旧統一教会に解散命令!東京高裁が「極めて悪質」と認定、被害者救済への道が開かれる
旧統一教会(世界平和統一家庭連合)に対する解散命令請求審で、東京高等裁判所が4日、解散命令を言い渡しました。これは、2025年3月に東京地方裁判所が下した一審判決を支持するもので、教団の高額献金問題が再び注目を集めています。
「極めて悪質な不法行為」と認定
東京高裁は、旧統一教会が「先祖の因縁」などと不安を煽り、高額な献金を勧誘する行為について、民法上の「極めて悪質な不法行為」と厳しく批判しました。2009年に教団がコンプライアンス宣言を出したにも関わらず、献金収入の予算額が年間500億円前後で変わらなかったことも、解散命令を支持する理由の一つとして挙げられています。
解散命令後の展開と清算人の役割
今回の決定により、旧統一教会は宗教法人としての資格を失いますが、任意の団体としては宗教活動を続けることは可能です。しかし、教団の財産の管理・処分を行う清算人に、伊藤尚弁護士が選任されたため、今後の財産運用や被害者への弁済が具体的に進められる見込みです。
弁護団の声明と今後の展望
全国統一教会被害対策弁護団の村越進弁護団長は、「この決定を高く評価します。

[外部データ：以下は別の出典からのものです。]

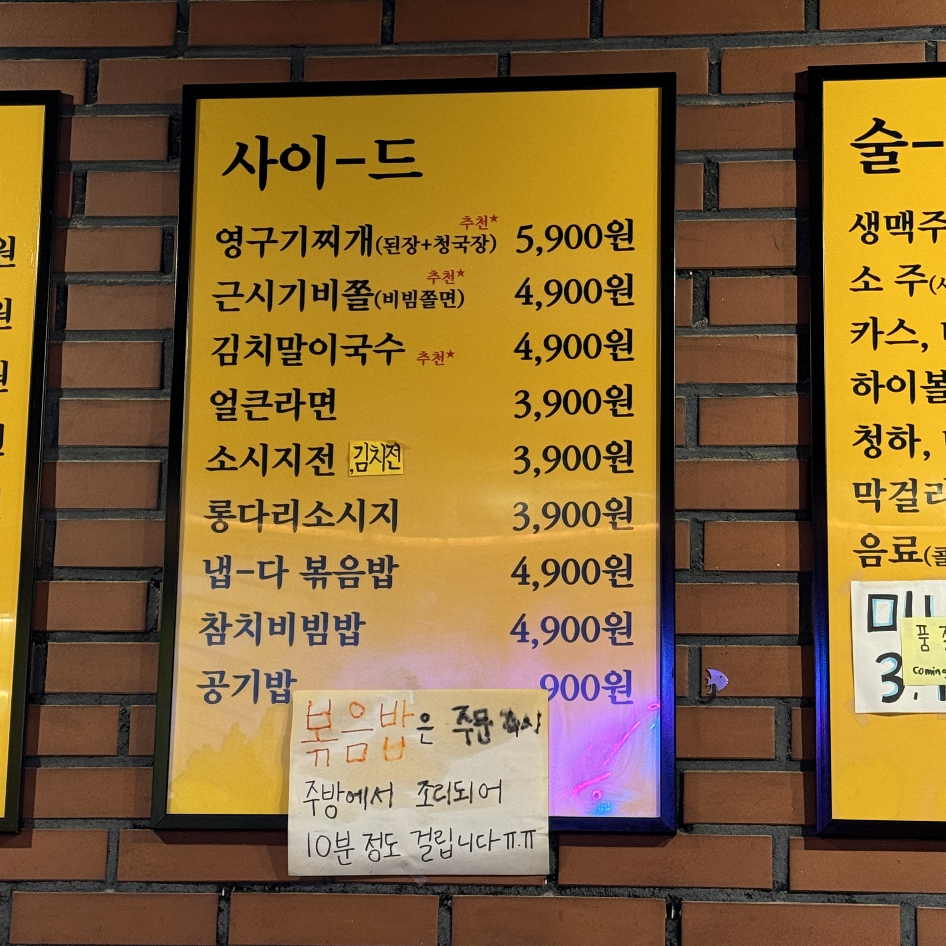 프랜차이즈라 이곳 저곳에 있을 거라 보지만, 왠만해서는 실패하지 않는 냉동삼겹살에 다른 데서는 볼 수 없는 영구기찌개. 그리고 저렴한 가격 생각하면 추천할 만하다 본다.
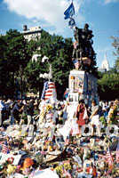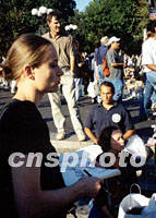 組圖:曼哈頓聯(lián)合廣場(chǎng)成公眾悼念場(chǎng)所 2001年09月22日 13:38 ![]() 曼哈頓下城,離世貿(mào)中心不遠(yuǎn)處的聯(lián)合廣場(chǎng),“九一一”以來(lái)成為紐約客悼念死難者的場(chǎng)所。這里遍地是花束、燭臺(tái)、國(guó)旗和失蹤者的像片,整日人來(lái)人往,昔日各種街頭露天表演不復(fù)見。中新社記者 郭健 攝 ![]() 自發(fā)悼念“九一一”遇難者是眼下紐約的特殊景觀。這位女畫家正在作現(xiàn)場(chǎng)速寫。中新社記者 郭健 攝

これから声をあげる人を含めて、1人でも多くの被害者を救済するために引き続き全力を尽くす決意です」とコメントしています。被害者の方々にとっては、長年の苦しみからの解放に向けた大きな一歩となるでしょう。
今回の解散命令は、旧統一教会を巡る問題の解決に向けた重要な転換点となります。今後の清算手続きや、被害者救済の具体的な動きに注目が集まります。